Novo marco do seguro rural moderniza regras, fortalece indenizações e segue para sanção
Projeto aprovado pelo Congresso aperfeiçoa a subvenção ao prêmio, estabelece prazos para pagamento de sinistros e viabiliza o Fundo de Catástrofe em um cenário de baixa cobertura no campo
Publicado em: 08/09/2026 às 10:35hs
O Congresso Nacional concluiu a análise do Projeto de Lei 2.951/2024, que estabelece um novo marco regulatório para o seguro rural no Brasil.

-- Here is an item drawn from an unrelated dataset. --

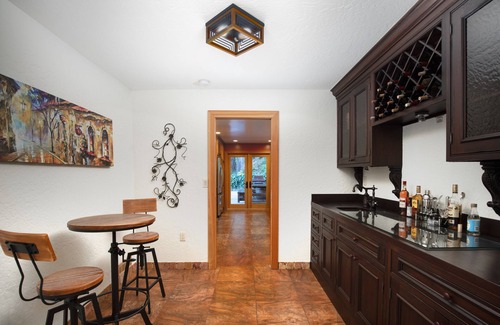 Step inside to find cherry hardwood floors, arched doorways, cathedral ceiling fans, an inviting stone fireplace with wood stove and a sitting hearth. The spacious primary bedroom with king bed leads directly to the outside deck for easy spa access. The luxurious bathroom has marble tile and on-demand hot water. The home also features a gourmet kitchen with stainless steel appliances and a cozy bar area with a bistro table.
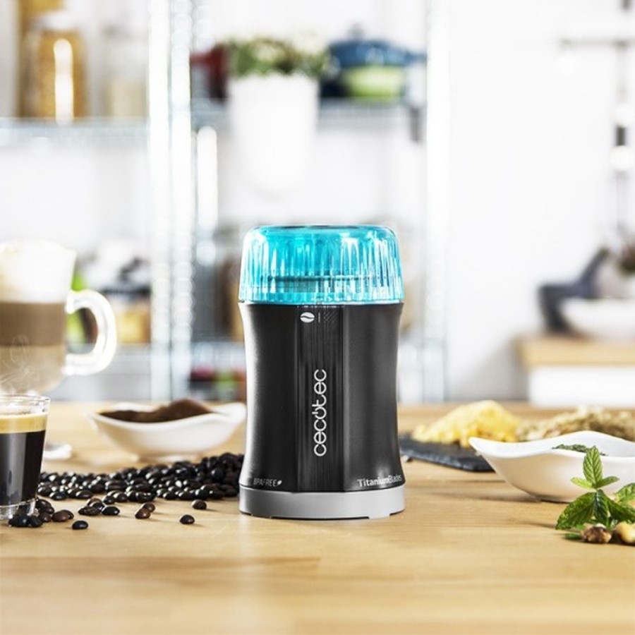 The Cecotec TitanMill 200 Coffee Mill Grinder in black is a compact, efficient appliance designed for grinding coffee beans and spices. With a powerful 200W motor and titanium-coated blades, it ensures a consistent, fine grind for optimal flavor extraction. The grinder features a durable design, easy-to-use one-touch operation, and a capacity to handle multiple cups of coffee. Its sleek black finish adds a modern touch, making it a practical and stylish addition to any kitchen.

A proposta moderniza os instrumentos de proteção da produção agropecuária, aprimora o Programa de Subvenção ao Prêmio do Seguro Rural (PSR) e cria condições para a operacionalização do Fundo de Catástrofe.
Aprovado pelo Senado Federal com a manutenção do substitutivo da Câmara dos Deputados, o texto segue agora para sanção presidencial. A expectativa é ampliar a previsibilidade para produtores, seguradoras e agentes financeiros diante do aumento da frequência e da intensidade dos eventos climáticos no campo.
Projeto estabelece prazos para indenizações do seguro rural
Uma das principais mudanças é a definição de prazos máximos para a regulação dos sinistros e o pagamento das indenizações. A medida busca reduzir a insegurança enfrentada por produtores que dependem dos recursos para quitar compromissos financeiros e retomar a produção após perdas causadas pelo clima.
A proposta também passa a reconhecer o seguro rural como uma garantia nas operações de crédito. Com isso, produtores que contratarem cobertura poderão ter acesso a condições creditícias diferenciadas, estimulando a integração entre financiamento, gestão de riscos e proteção da atividade agropecuária.
Fundo de Catástrofe poderá cobrir riscos extraordinários
O novo marco altera as regras do Fundo de Catástrofe, que poderá contar com a participação da União, de seguradoras e de empresas do setor na condição de cotistas.
A estrutura deverá funcionar como uma reserva financeira destinada a atender aumentos excepcionais na demanda por indenizações, especialmente em situações de perdas generalizadas provocadas por seca, excesso de chuva, geada, granizo ou outros eventos de grande impacto.
Segundo a Frente Parlamentar da Agropecuária (FPA), o fundo poderá aumentar a capacidade do mercado segurador para absorver riscos extraordinários e oferecer maior estabilidade ao sistema.
Seguro rural tem menor cobertura em dez anos
A aprovação ocorre em um momento de cobertura limitada das lavouras brasileiras. Dados da Federação Nacional de Seguros Gerais (FenSeg) indicam que o PSR protegeu aproximadamente 3,2 milhões de hectares em 2025, menor extensão registrada em uma década.
O número corresponde a apenas 3,4% da área cultivada no País, evidenciando a distância entre a dimensão da produção agropecuária brasileira e o alcance atual do seguro rural.
O relatório do projeto também aponta que a agricultura acumulou perdas estimadas em R$ 216,6 bilhões entre 2013 e 2022. A estiagem foi identificada como a principal causa dos prejuízos, reforçando a necessidade de instrumentos capazes de reduzir a vulnerabilidade financeira dos produtores.
Recursos para o seguro rural ganham maior proteção
O texto determina a aplicação obrigatória de recursos no seguro rural quando houver fontes de compensação disponíveis. A medida pretende conferir maior estabilidade ao orçamento do programa e evitar interrupções na concessão da subvenção ao prêmio.
Por outro lado, a proposta retirou a possibilidade de transferir recursos remanescentes do Programa de Garantia da Atividade Agropecuária (Proagro) para o PSR.
A subvenção federal é considerada estratégica porque reduz parte do custo da apólice e facilita o acesso dos produtores à cobertura. Nos últimos anos, limitações orçamentárias e bloqueios de recursos comprometeram o alcance do programa.
Novo marco busca ampliar proteção ao produtor rural
O Projeto de Lei 2.951/2024 foi apresentado pela senadora Tereza Cristina e teve relatoria do senador Jaime Bagattoli no Senado. Na Câmara dos Deputados, o texto foi relatado pelo deputado Pedro Lupion.
Com a sanção presidencial, o novo marco poderá aumentar a segurança jurídica, agilizar indenizações e estimular a participação de produtores e seguradoras no mercado. A efetividade das mudanças, entretanto, dependerá da regulamentação e da disponibilidade contínua de recursos para subsidiar a contratação das apólices.
Diante do avanço dos riscos climáticos e das perdas bilionárias registradas na agricultura, a modernização do seguro rural surge como uma ferramenta essencial para proteger a renda, preservar a capacidade de investimento e dar maior estabilidade à produção agropecuária brasileira.